──────── TASK MATERIAL

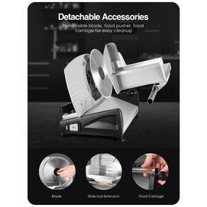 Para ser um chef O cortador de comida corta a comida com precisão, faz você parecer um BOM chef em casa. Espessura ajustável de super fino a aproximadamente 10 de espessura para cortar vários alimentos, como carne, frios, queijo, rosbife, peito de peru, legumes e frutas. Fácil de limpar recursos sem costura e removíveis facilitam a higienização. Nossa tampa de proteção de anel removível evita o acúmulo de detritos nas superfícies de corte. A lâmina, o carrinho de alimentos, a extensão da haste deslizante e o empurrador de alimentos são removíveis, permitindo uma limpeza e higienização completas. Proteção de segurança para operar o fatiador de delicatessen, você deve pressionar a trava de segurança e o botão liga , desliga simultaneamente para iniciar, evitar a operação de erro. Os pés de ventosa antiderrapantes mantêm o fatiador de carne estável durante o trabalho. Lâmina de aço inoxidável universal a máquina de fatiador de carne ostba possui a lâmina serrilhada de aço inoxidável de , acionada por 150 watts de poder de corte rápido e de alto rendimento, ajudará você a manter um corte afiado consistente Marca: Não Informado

────────────────
──────── TASK MATERIAL

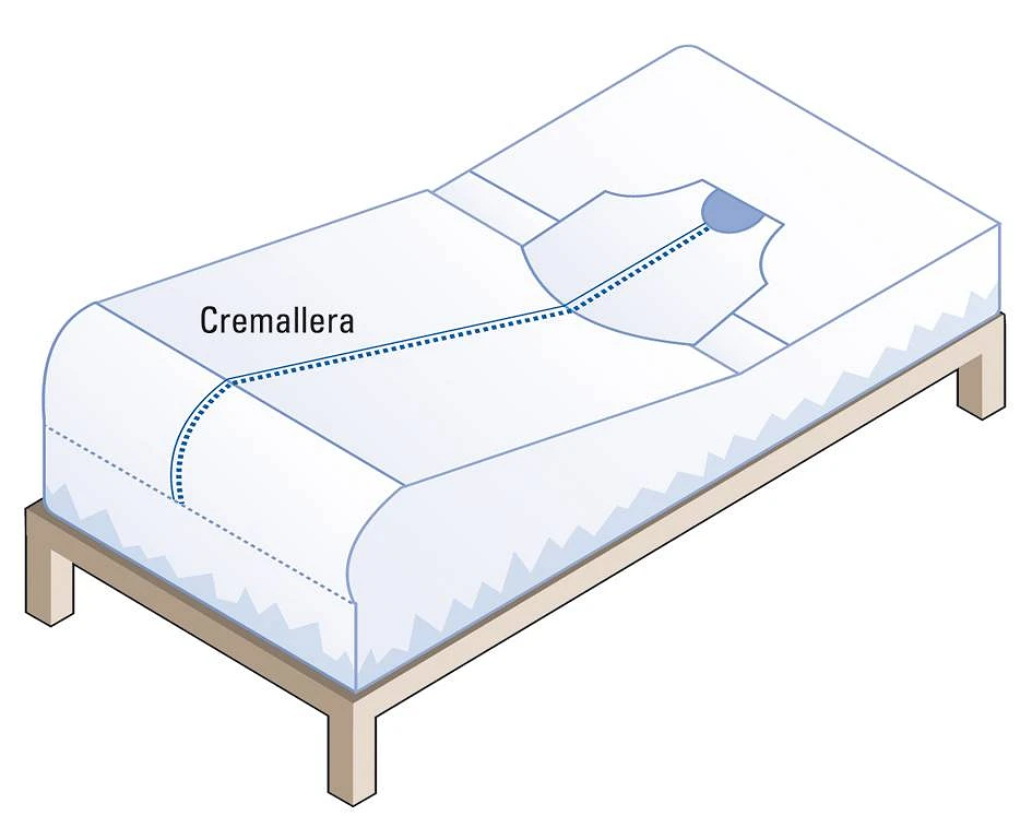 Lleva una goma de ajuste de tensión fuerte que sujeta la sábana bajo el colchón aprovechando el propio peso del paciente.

────────────────
──────── TASK MATERIAL

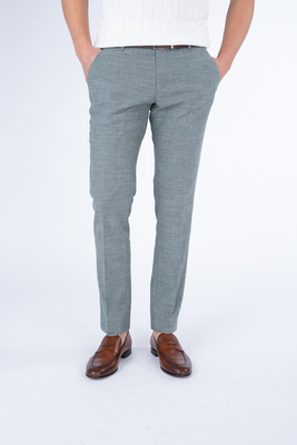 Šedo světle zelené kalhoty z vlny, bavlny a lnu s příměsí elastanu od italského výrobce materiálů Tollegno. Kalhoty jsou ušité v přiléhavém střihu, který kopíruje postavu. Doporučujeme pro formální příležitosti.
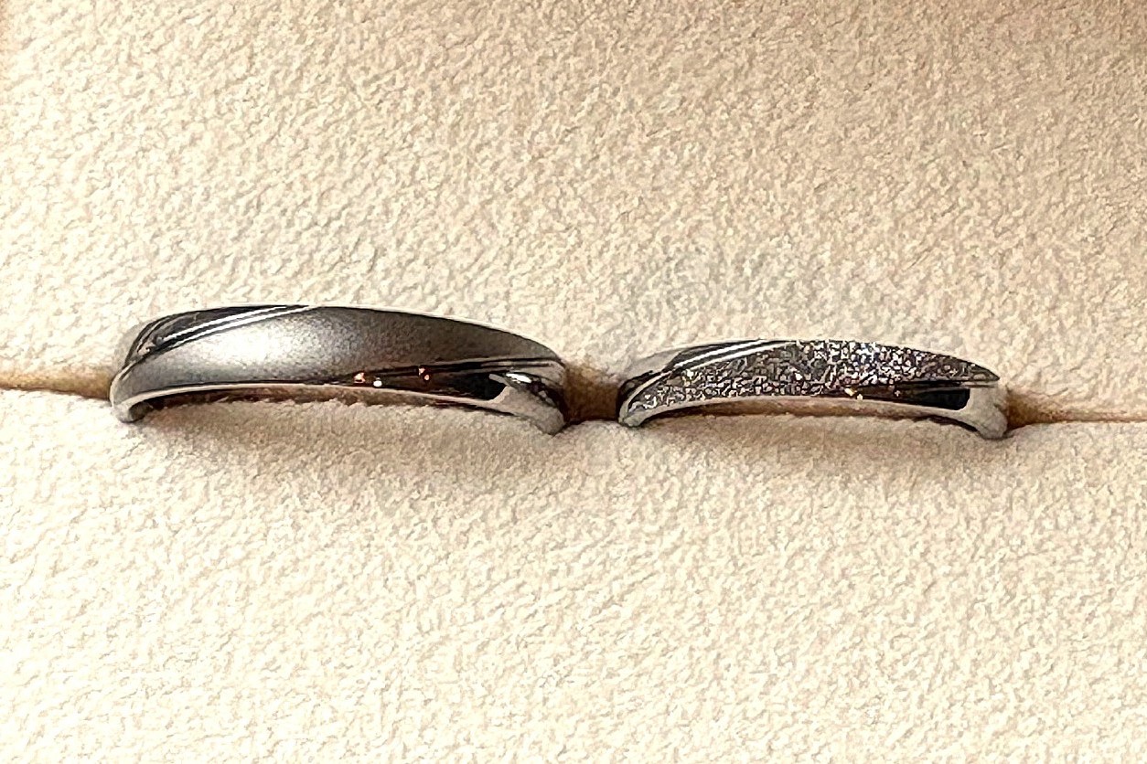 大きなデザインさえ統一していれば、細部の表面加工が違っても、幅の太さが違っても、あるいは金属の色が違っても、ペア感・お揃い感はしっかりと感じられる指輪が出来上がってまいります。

────────────────

WHAT NEEDS TO BE DONE. Excerpt from the records above: set down only the lines from the one that contains "Šedo světle zelené" through the one that contains "大きなデザインさえ統一してい", inclusive, word for word. Pictures stay out.

RESPONSE BOX.
 Šedo světle zelené kalhoty z vlny, bavlny a lnu s příměsí elastanu od italského výrobce materiálů Tollegno. Kalhoty jsou ušité v přiléhavém střihu, který kopíruje postavu. Doporučujeme pro formální příležitosti.
 大きなデザインさえ統一していれば、細部の表面加工が違っても、幅の太さが違っても、あるいは金属の色が違っても、ペア感・お揃い感はしっかりと感じられる指輪が出来上がってまいります。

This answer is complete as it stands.